How about “Brew for your Belly at Biedermans Deli”
33
posted on
10/04/2009 9:07:02 AM PDT
by
Trout35a
To: Ditter
You stole that from Schiltz. I remember that slogan from the 60’s. Those were the days......
34
posted on
10/04/2009 9:07:05 AM PDT
by
animal172
(Fire the Johnson City Mall management)
To: SilvieWaldorfMD
“If you don’t drink our beer....F You!”
35
posted on
10/04/2009 9:07:13 AM PDT
by
dfwgator
To: Yorlik803
BEER...because drinking mirmosas durning the Superbowl is just plain Gay. I think I'm just going to die laughing right now...
36
posted on
10/04/2009 9:07:28 AM PDT
by
SilvieWaldorfMD
(Airlines can take their $15-per-checked-bag surcharge and shove it!)
To: Trout35a
Welcome aboard. See even us evil conservatives have a sense of humor.
37
posted on
10/04/2009 9:08:08 AM PDT
by
animal172
(Fire the Johnson City Mall management)
To: EternalVigilance
I like yours, although you misspelled bier...
38
posted on
10/04/2009 9:08:11 AM PDT
by
null and void
(We are now in day 256 of our national holiday from reality. - 0bama really isn't one of US.)
To: SilvieWaldorfMD
How about,
Our Brew is,
mmm mmm mmm
39
posted on
10/04/2009 9:08:28 AM PDT
by
Equalizer
(When you see a rattlesnake poised to strike, you do not wait until he has struck to crush him.)
To: BluH2o
AHAHAHAHAHAHAHAHA!!!!!!!!!!!!!!!!!!!!!
40
posted on
10/04/2009 9:08:31 AM PDT
by
SilvieWaldorfMD
(Airlines can take their $15-per-checked-bag surcharge and shove it!)
To: SilvieWaldorfMD
BEER...because drinking mirmosas durning the Superbowl is just plain Gay.
I don’t care who you are. That’s funny.
41
posted on
10/04/2009 9:09:18 AM PDT
by
animal172
(Fire the Johnson City Mall management)
To: SilvieWaldorfMD
Biederman's - Just Better Beer, Man! Alliteration tied to the brand name associates "better beer" with Biederman's. Colloquial language in a collegiate setting removes the stigma of being "marketed," of being too corporate.
It's simple and rather obvious, yes.
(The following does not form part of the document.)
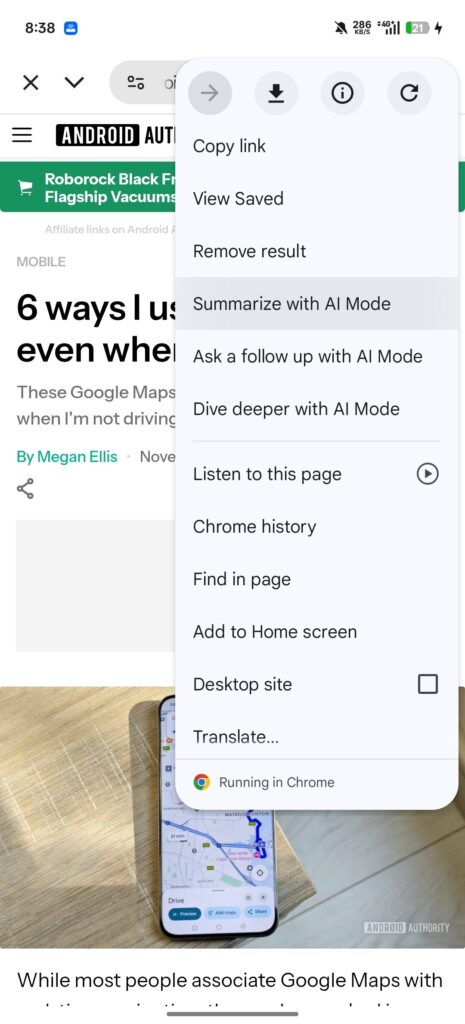 É importante notar que essas opções do modo AI estão disponíveis apenas no Google app e não se estendem a outros aplicativos que usam as guias personalizadas do Chrome. No entanto, isso pode ser útil se você quiser um resumo rápido do artigo ou uma análise detalhada sem realmente mudar para o modo AI ou Gemini.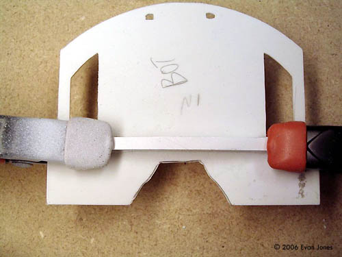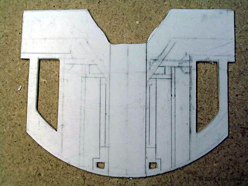 ^ Front view Step by Step Photos: ^ Completed Vader figureImage: Pilot before conversion. Image: Side view Image: Darth Vader before painting Image: Note the white styrene insert and the Quikwood material built up for his helmet and cape. Image: Painted ^ Setting up TIE Fighter wing and ion engine for casting. Image: Another look Image: Parts being cast. Image: Results ^ Area of inner wing that was filed smooth. Image: Another look Image: After filing smooth, holes were filled with sheet styrene Image: Then shaded area was removed Image: Details of inner wings were built up with sheet and strip styrene. Image: Another look Image: One section of frame was removed and a solar panel cut to desired shape and size Image: Then the frame was cut to match the panel. Image: Panels were taped place while superglue sets on frame pieces. Image: Each panel was labelled so that it can be fitted to the correct location later on. Image: Outer details were filed off and then resin cast piece glued on. Image: Another look Image: The outer rear part of wing were detailed with sheet styrene and some small pieces of the solar panel V-groove sheet. Image: The inside of the wings could probably use more finer detailing. Image: Solar panels were mounted to double sided tape on cardboard. Image: Pieces were painted with Tamiya Semi-Gloss black straight from the can. This gives a shinier finish than using thinned bottle paint. ^ Arms were cut as shown .... Image: ... then rotated 30° and glued back on. Image: Strip styrene 0.5 mm (0.020") was added to top and bottom of arms. Image: Notches were cut in bottom pieces and edges were bevelled for a tight fit. Image: Back of arms were cut from 0.5 mm (0.020") sheet styrene, with indent made from square tube, cut lengthwise. Image: Edges of styrene beveled to make joints tighter and use less putty. Image: Rear Inserts were detailed with styrene rod, 1.0 mm (0.040") and 0.5 mm (0.025") diameter. Image: Front arms were made of 0.5mm (0.020") sheet styrene. They were taped temporarily in place and the front joint only was glued. Image: When dry, it was removed and the opening for indent was cut out. Image: Front of arms with openings cut out and markings for scribing panels. Image: The indent was made from square styrene tube, cut in half at an angle, split open and widened and then the edges bevelled to fit inside arms. Image: In order to make the front arms fit, a lot of the existing arm was removed using a Dremel tool. Image: The indent was detailed with styrene rods and sheet, wire and a small pieces cut from parts G4 and G5. Image: More detail ^ Body panels were laid out on 0.5 mm (0.020") sheet styrene, showing where panels will be scribed and where raised panels will be located. Image: An internal brace for the body was cut from 3.2 mm (0.125) thick sheet styrene. Image: This picture shows what it looks like once glued in place. Image: More layout Image: The brace was glued and clamped onto one body panel and left to dry overnight. Note that brace forms front end of the larger hole. Image: The other half was glued, clamped and left to dry overnight. Image: Central spine of body was made up of sheet styrene, cut to shape and glued in place. Image: Bottom detail were made of: sheet styrene with drafting tape straps, sheet styrene with slots cut in, sheet styrene, styrene rod. Image: Slots were laid out using #66 drill to start. Image: Slots Image: Top of body was detailed with sheet styrene, styrene rod, wire, styrene half round, sheet styrene with slots cut in and some details cut from part G2. Image: The end was detailed with pieces cut from parts G2, G4 and G5. Image: The detail part for the larger opening was made from styrene rod and tube. Small raised panels on the body and arms were made from 0.25 mm (0.010) and 0.50 mm (0.020) thick styrene. Image: The rear just before painting. Tamiya putty was used on the joints. ^ An early mockup of the model was done to check the fit of the parts. Image: Looking good ^ After painting, the wings were glued onto the body one at a time using 5 minute epoxy. Image: The stand modified to hold model the original arms were changed at the top to a different profile and a third arm from TIE Fighter kit was cut down and added to the rear to hold up the back of the model. Image: Another look Image: After airbrushing stand with thinned Tamiya Semi-Gloss Black (taken from bottle), the area around the lettering was masked. The paint was sanded off the lettering and then finer sanding pads (from 3200 to 12000 grit) were used to highlight the Star Wars logo and give it a shinier finish. |

But, the most effective, memorable slogans usually are.
To: SilvieWaldorfMD
You're an alumni of the pub?
Beer: Until the change you hope for happens!
Beer: The final frontier.
Beer: Where life begins.
43
posted on
10/04/2009 9:09:39 AM PDT
by
nufsed
To: SilvieWaldorfMD
Our BEER is not a four-letter word!
To: SilvieWaldorfMD
To: Trout35a
You waited until today to sign up just so you could be the “10-4 good buddy”, dincha?
46
posted on
10/04/2009 9:10:07 AM PDT
by
null and void
(We are now in day 256 of our national holiday from reality. - 0bama really isn't one of US.)
To: SilvieWaldorfMD
“DOES NOT TASTE LIKE A LOADED DIAPER”
47
posted on
10/04/2009 9:10:30 AM PDT
by
cmsgop
(Another proud graduate of the Larry Storch school of posting)
To: null and void
The prize is a $50 gift certiicate.
48
posted on
10/04/2009 9:11:11 AM PDT
by
SilvieWaldorfMD
(Airlines can take their $15-per-checked-bag surcharge and shove it!)
To: cmsgop
You must be a proud member of F Troop.
49
posted on
10/04/2009 9:11:26 AM PDT
by
animal172
(Fire the Johnson City Mall management)
To: RegulatorCountry
50
posted on
10/04/2009 9:11:33 AM PDT
by
null and void
(We are now in day 256 of our national holiday from reality. - 0bama really isn't one of US.)